POJ1485 Fast Food(DP)

Fast Food
Time Limit: 1000MS   Memory Limit: 10000K
Total Submissions: 1597   Accepted: 553   Special Judge

Description

The fastfood chain McBurger owns several restaurants along a highway. Recently, they have decided to build several depots along the highway, each one located at a restaurant and supplying several of the restaurants with the needed ingredients. Naturally, these depots should be placed so that the average distance between a restaurant and its assigned depot is minimized.
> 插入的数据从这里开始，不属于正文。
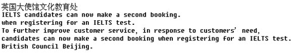 日前,考生可以开始报考明年的雅思考试了。此次考试日期的安排和出台,继续秉承一切服务于考生的原则,在全年安排有48个考试日期,分布于全国32个城市的35个考点进行。为了满足不同考生的需求,除周六考试之外,每个月还特别安排了一次周四考试。采集者退散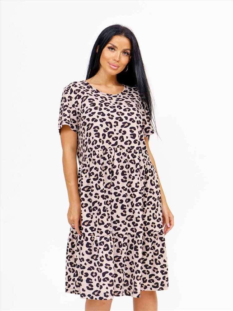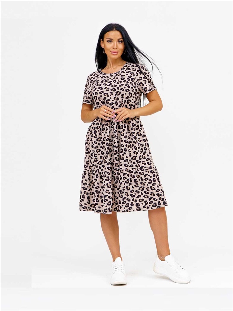 Женское летнее платье из 100% хлопка, полуприлегающего силуэта, длиной ниже уровня колена, рукав короткий, горловина О-образная. Платье идеально подойдет для жаркого летнего дня.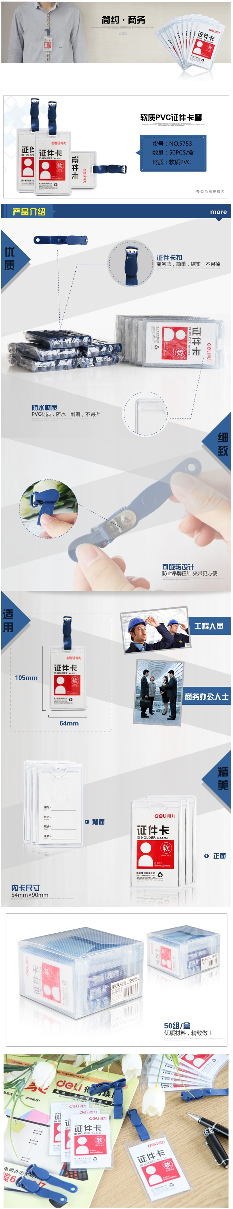 • 商品名稱:得力(deli)透明證件卡(豎) 5753(10個(gè)/包;5包/盒)按包售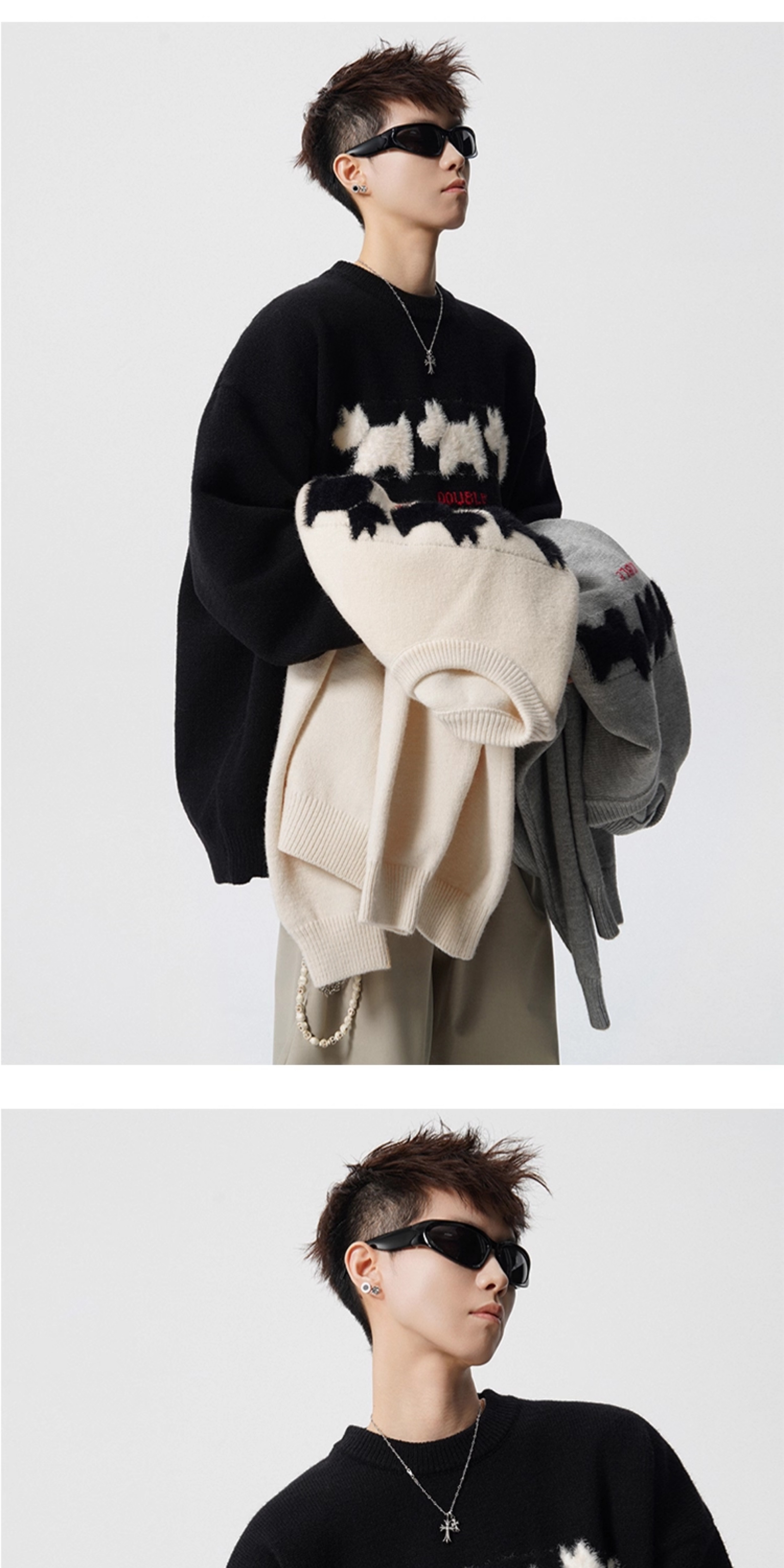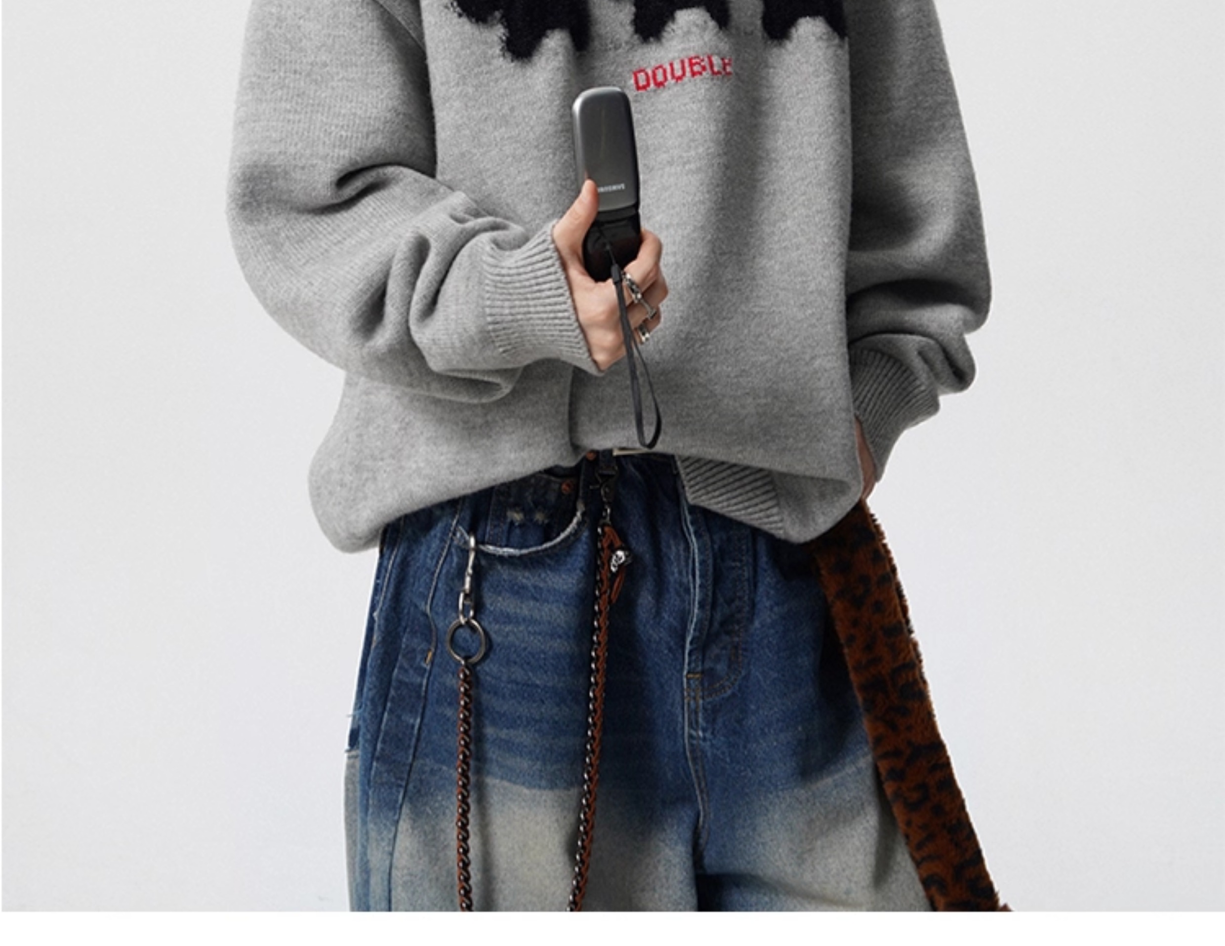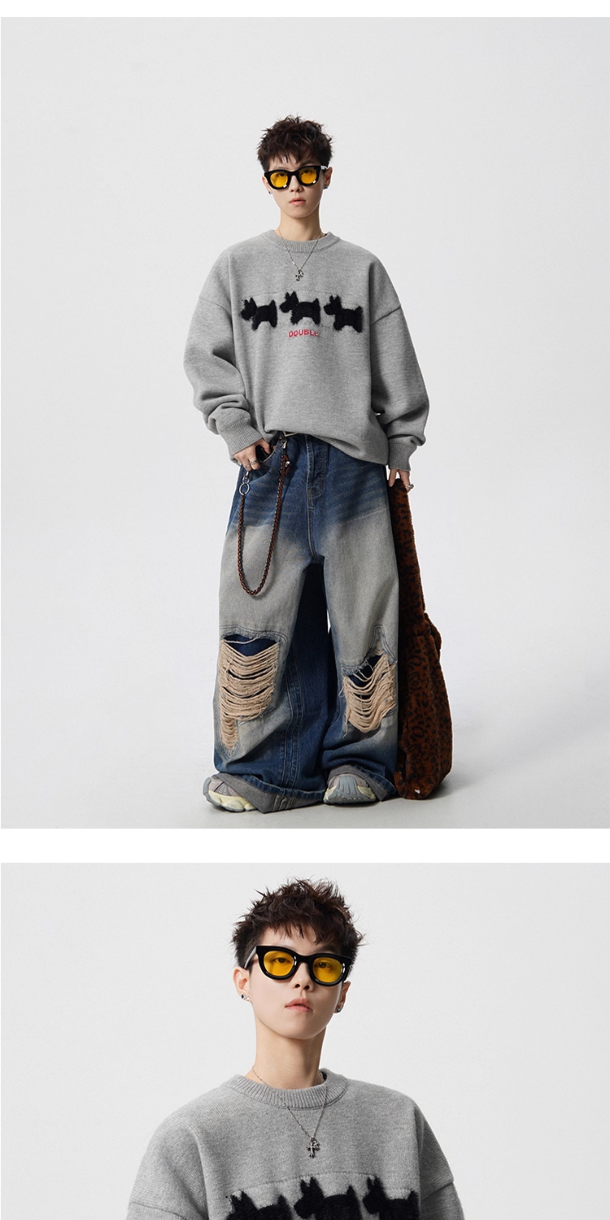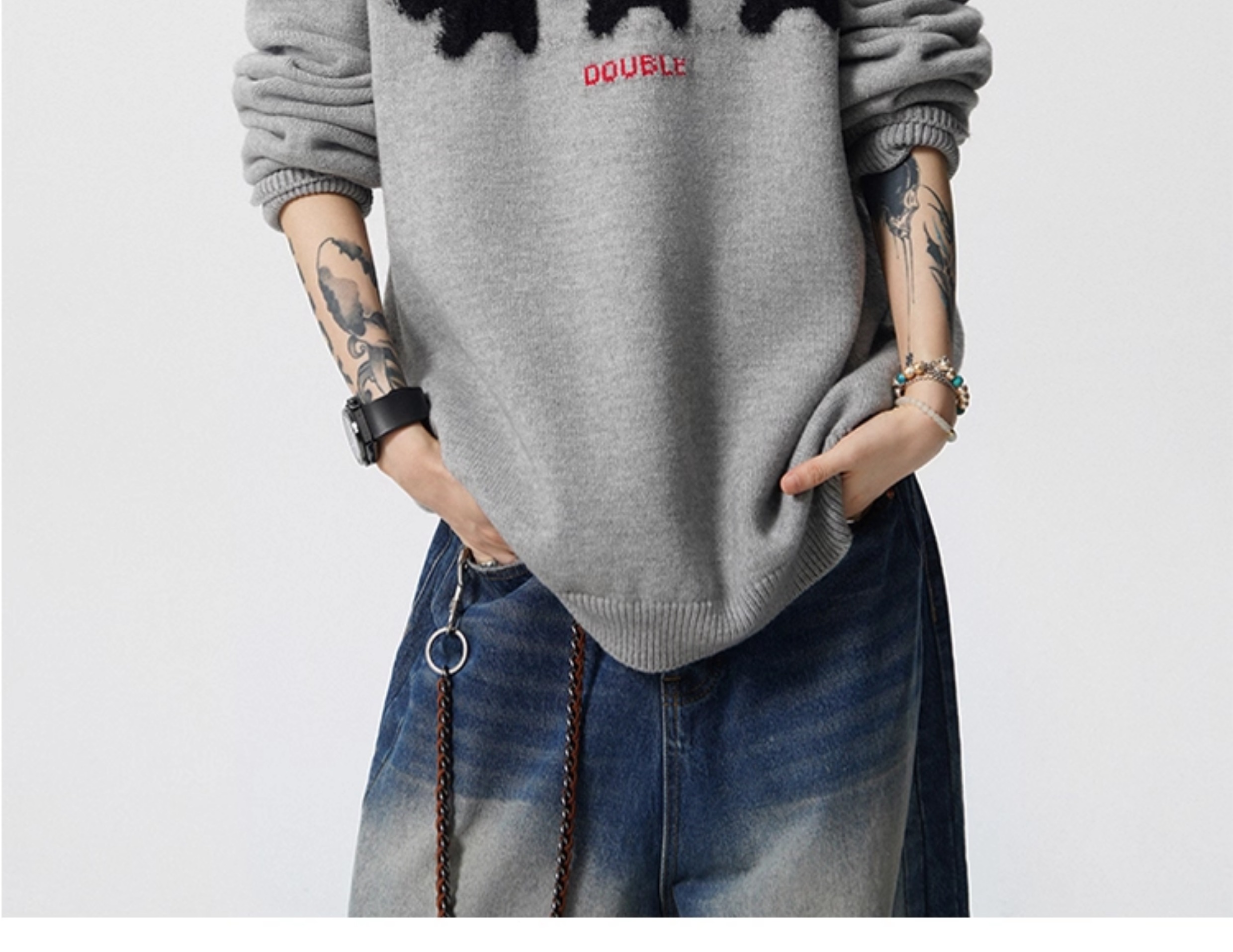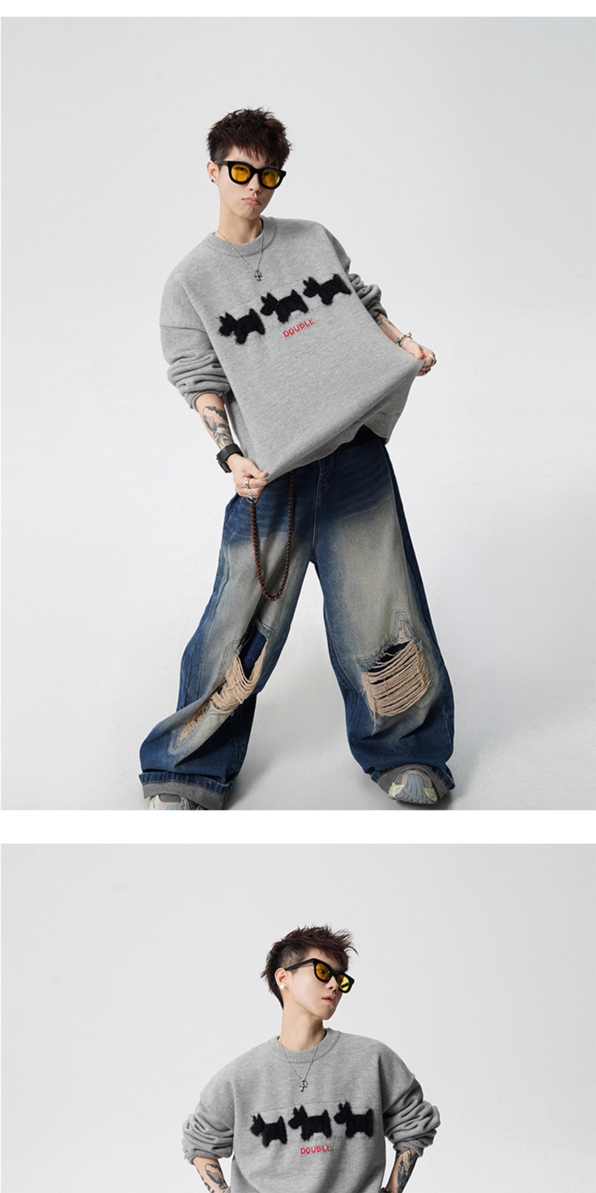 American-Style Puppy Velvet Crew Neck Sweater for Men and Women, New Winter Trendy Brand Loose and Lazy Style Couple Knitwear Top
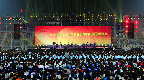 10月15日,乐竞平台2014年新生开学典礼在元平体育场举行。校领导江潭瑜、李清泉、张基宏、陶一桃、阮双琛、李凤亮、黎军、徐晨,中国科学院院士、生命科学学院名誉院长倪嘉缵,中国工程院院士范滇元,深圳市大族激光科技股份有限公司董事长高云峰,学校各部室、各学院、教研教辅单位负责人,教师代表、2014级全体本科生及部分家长代表参加开学典礼。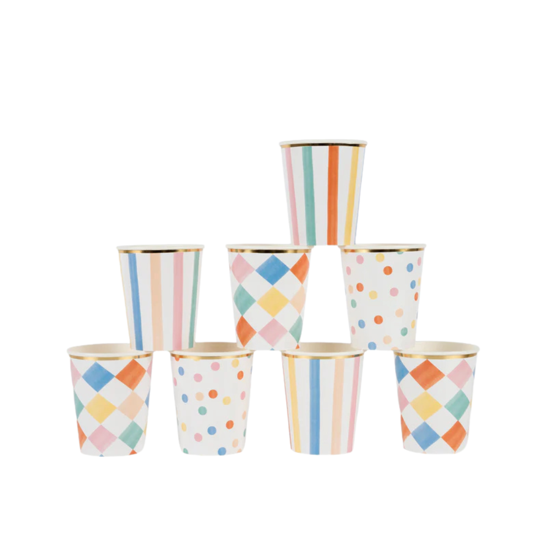 Niets straalt meer zomer uit dan strepen! Deze vrolijke papieren bekers zijn een leuke manier om een vleugje kleur toe te voegen aan een zwembadfeestje, een verjaardag op het strand of een ander zonnig feest.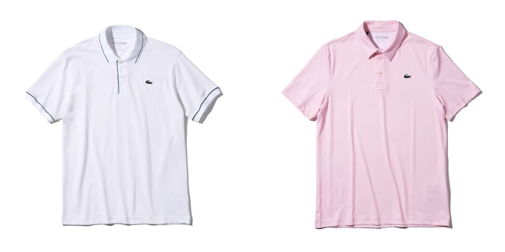 LACOSTEのゴルフラインでも、ゴルフを楽しむための機能を搭載した多彩なポロシャツがラインナップ。このほかにも、ブランドらしいエスプリな雰囲気は踏襲しつつ、デザインや柄など、遊び心に溢れたアイテムが揃う。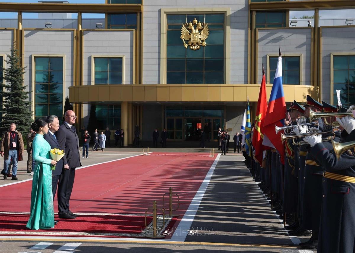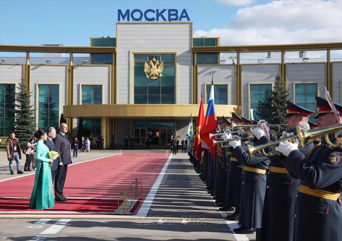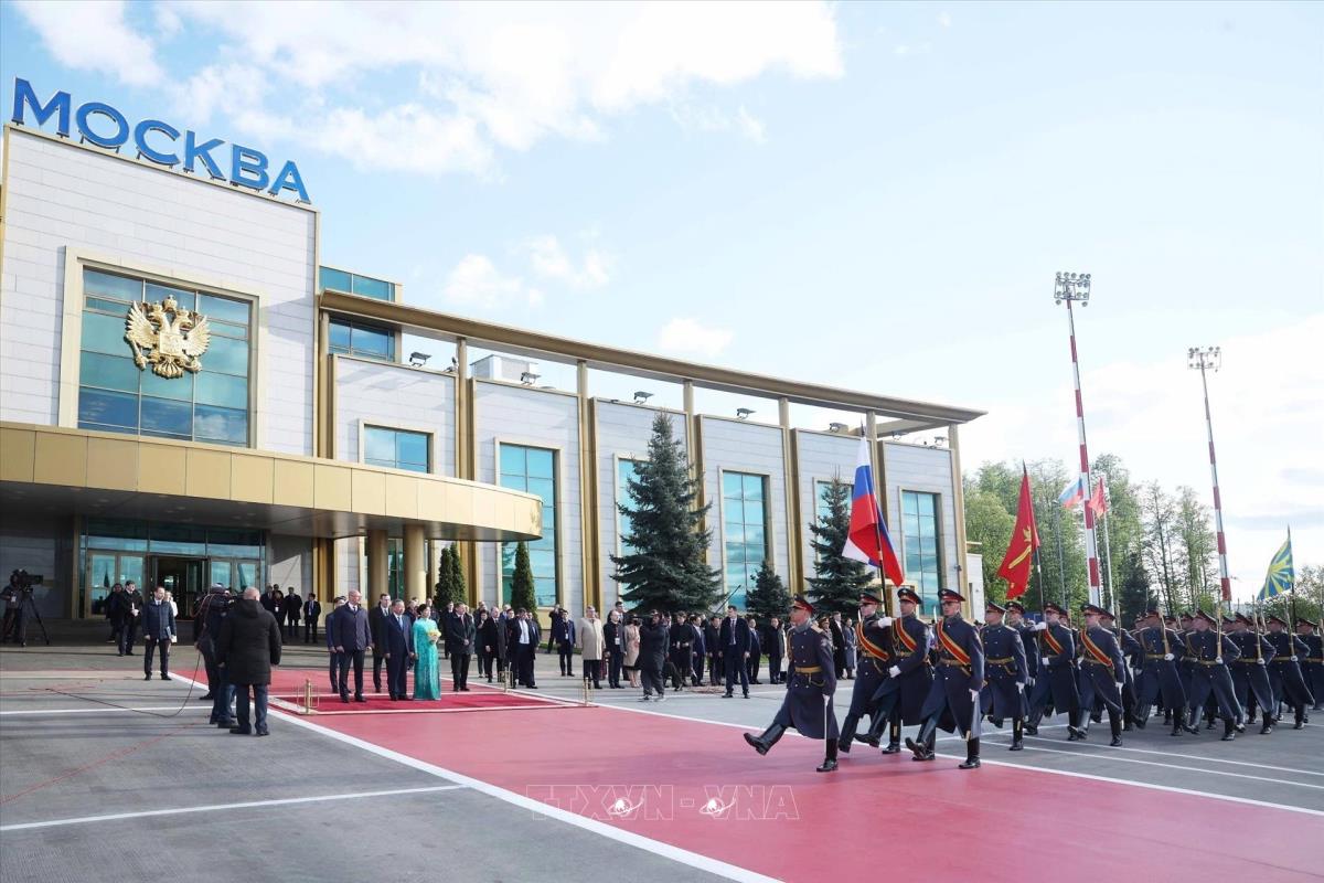 Lễ đón chính thức Tổng Bí thư Tô Lâm và Phu nhân tại sân bay Vnukovo 2, thủ đô Moskva (8/5/2025). Ảnh: Thống Nhất – TTXVN

You are to write a program that computes the optimal positions and assignments of the depots.

To make this more precise, the management of McBurger has issued the following specification: You will be given the positions of n restaurants along the highway as n integers d1 < d2 < ... < dn (these are the distances measured from the company's headquarter, which happens to be at the same highway). Furthermore, a number k (k <= n) will be given, the number of depots to be built.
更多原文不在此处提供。